What the task asks: Drop the images. Copy every line below character for character.

Records contained in a dataset:
◆ ◆ ◆
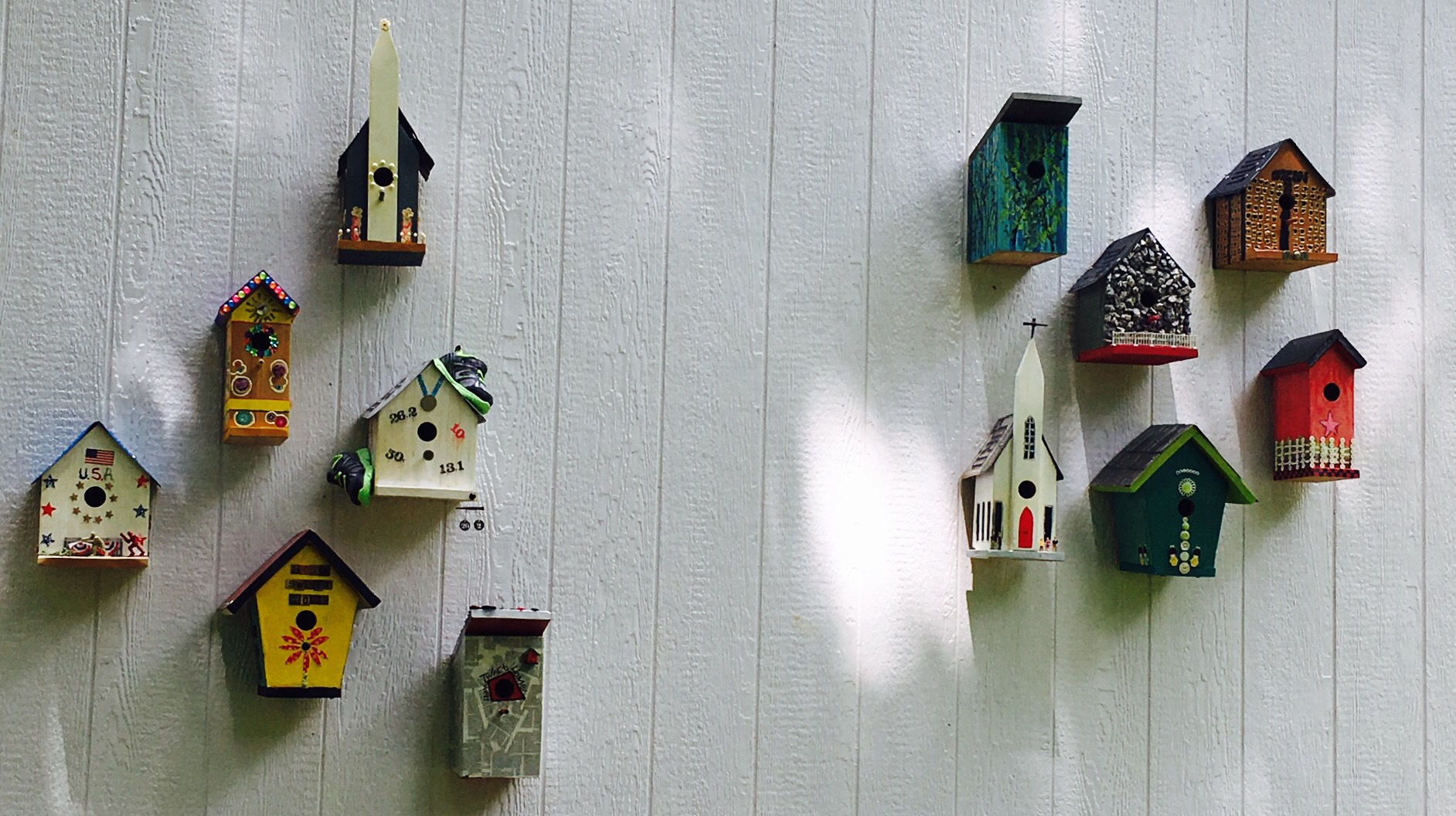 We have a storage shed in our yard that is white and very utilitarian. The last time our family visited we all built bird houses so we could cover one side of the shed. We spent a rainy day painting, glueing and decorating each one. As you can see no two are alike. Each person put a piece of their own perspective into their house. We used hotel room keys and buttons, coins and license plates to cover the roof. We used glitter, paper, book pages and paint to cover the outsides. My brother runs marathons, so we screwed running shoes to his house. My niece covered one with rocks from the driveway, and another with flowers. The homage to military service has Army men guarding the front porch. We plan to name this area and create a bigger house in the center of all the others to serve as the ‘community center’. We completed twleve, and already have different ones in process. We hope that when others visit they will want to decorate a bird house so they can put their stamp on our shed.
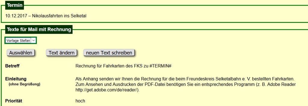 Unter dem Veranstaltungstermin befinden sich ein Auswahlfeld und drei Schalter zum Auswählen und Bearbeiten der Texte für die E-Mails (s. Bild 2).
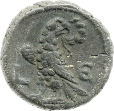 bare-headed, draped and cuirassed bust of Severus Alexander Caesar, right, seen from front |
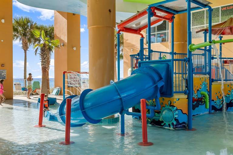 Splash Resort's amenities are quite unique among Gulf Coast resorts and there is something here for everyone. There is a heated swimming pool and Jacuzzi located right next to the main kids play area where the water slides and enormous bucket that dumps hundreds of gallons of water every 45 seconds are located. There is also a state of the art fitness facility overlooking the pool and lazy river. There is a poolside Bar and Grill with tables by the pool and a reasonably priced menu.
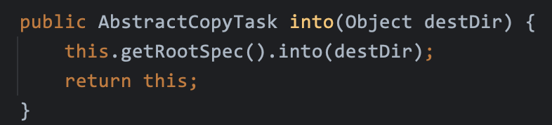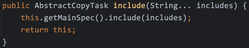 2. AbstractCopyTask 추상 클래스의 from, into, include 메서드를 사용해서 경로를 지정해줍니다.
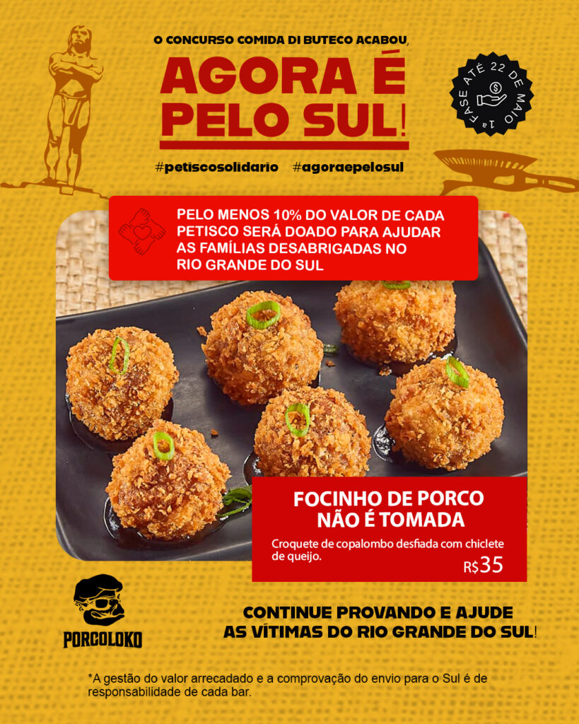 Além disso, esta edição foi marcada pela tragédia climática no Sul do país. No entanto, a festa gastronômica deu lugar à solidariedade em uma corrente de apoio. Nesse sentido, os bares participantes destinaram parte da renda dos petiscos às vítimas do Rio Grande do Sul. Por fim, desenvolvi uma campanha paralela impactante para comunicar essa causa com sensibilidade.
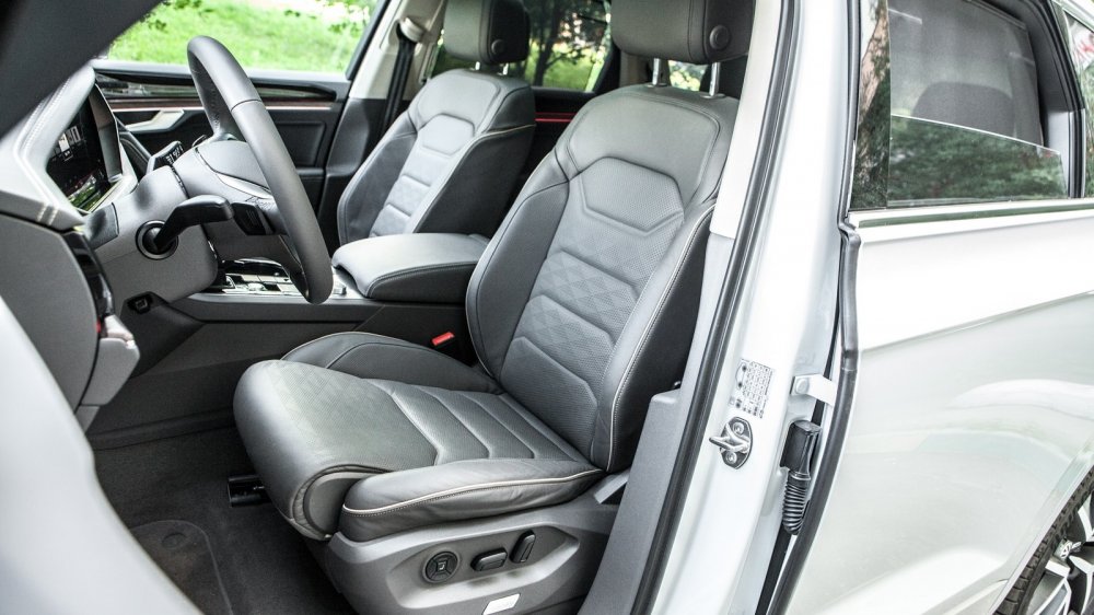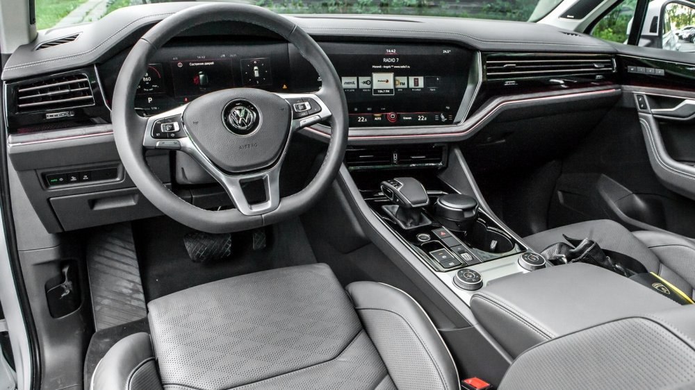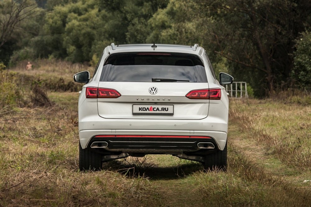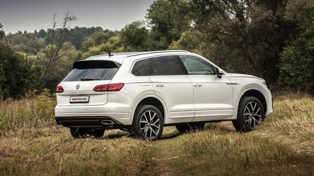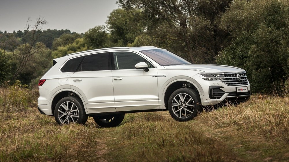 Если же сравнивать управляемость Touareg c одноклассниками (по размеру, а не по наличию премиального статуса), возьму на себя смелость утверждать, что не так уж и далеко этот «народный» отстоит от BMW X5 предыдущего (третьего) поколения. Да, не хватает остроты реакций и точности при прохождении поворотов, но Touareg – он ведь не только про водительское удовольствие, он – для всех пассажиров. Да, он мягче (но не до рыхлости), чем Х5, но при этом и комфортнее, с более высокой плавностью хода, которая, к слову, отнюдь не сопровождается раскачкой. Наоборот: всеядная подвеска уничтожает практически всю информацию о шероховатостях дороги, начиная от небольших выбоин в асфальте и заканчивая единичными препятствиями, при этом кузов остаётся непоколебим.
◆ ◆ ◆
Exercise output:
 We have a storage shed in our yard that is white and very utilitarian. The last time our family visited we all built bird houses so we could cover one side of the shed. We spent a rainy day painting, glueing and decorating each one. As you can see no two are alike. Each person put a piece of their own perspective into their house. We used hotel room keys and buttons, coins and license plates to cover the roof. We used glitter, paper, book pages and paint to cover the outsides. My brother runs marathons, so we screwed running shoes to his house. My niece covered one with rocks from the driveway, and another with flowers. The homage to military service has Army men guarding the front porch. We plan to name this area and create a bigger house in the center of all the others to serve as the ‘community center’. We completed twleve, and already have different ones in process. We hope that when others visit they will want to decorate a bird house so they can put their stamp on our shed.
 Unter dem Veranstaltungstermin befinden sich ein Auswahlfeld und drei Schalter zum Auswählen und Bearbeiten der Texte für die E-Mails (s. Bild 2).
 bare-headed, draped and cuirassed bust of Severus Alexander Caesar, right, seen from front |
 Splash Resort's amenities are quite unique among Gulf Coast resorts and there is something here for everyone. There is a heated swimming pool and Jacuzzi located right next to the main kids play area where the water slides and enormous bucket that dumps hundreds of gallons of water every 45 seconds are located. There is also a state of the art fitness facility overlooking the pool and lazy river. There is a poolside Bar and Grill with tables by the pool and a reasonably priced menu.
 2. AbstractCopyTask 추상 클래스의 from, into, include 메서드를 사용해서 경로를 지정해줍니다.
 Além disso, esta edição foi marcada pela tragédia climática no Sul do país. No entanto, a festa gastronômica deu lugar à solidariedade em uma corrente de apoio. Nesse sentido, os bares participantes destinaram parte da renda dos petiscos às vítimas do Rio Grande do Sul. Por fim, desenvolvi uma campanha paralela impactante para comunicar essa causa com sensibilidade.
 Если же сравнивать управляемость Touareg c одноклассниками (по размеру, а не по наличию премиального статуса), возьму на себя смелость утверждать, что не так уж и далеко этот «народный» отстоит от BMW X5 предыдущего (третьего) поколения. Да, не хватает остроты реакций и точности при прохождении поворотов, но Touareg – он ведь не только про водительское удовольствие, он – для всех пассажиров. Да, он мягче (но не до рыхлости), чем Х5, но при этом и комфортнее, с более высокой плавностью хода, которая, к слову, отнюдь не сопровождается раскачкой. Наоборот: всеядная подвеска уничтожает практически всю информацию о шероховатостях дороги, начиная от небольших выбоин в асфальте и заканчивая единичными препятствиями, при этом кузов остаётся непоколебим.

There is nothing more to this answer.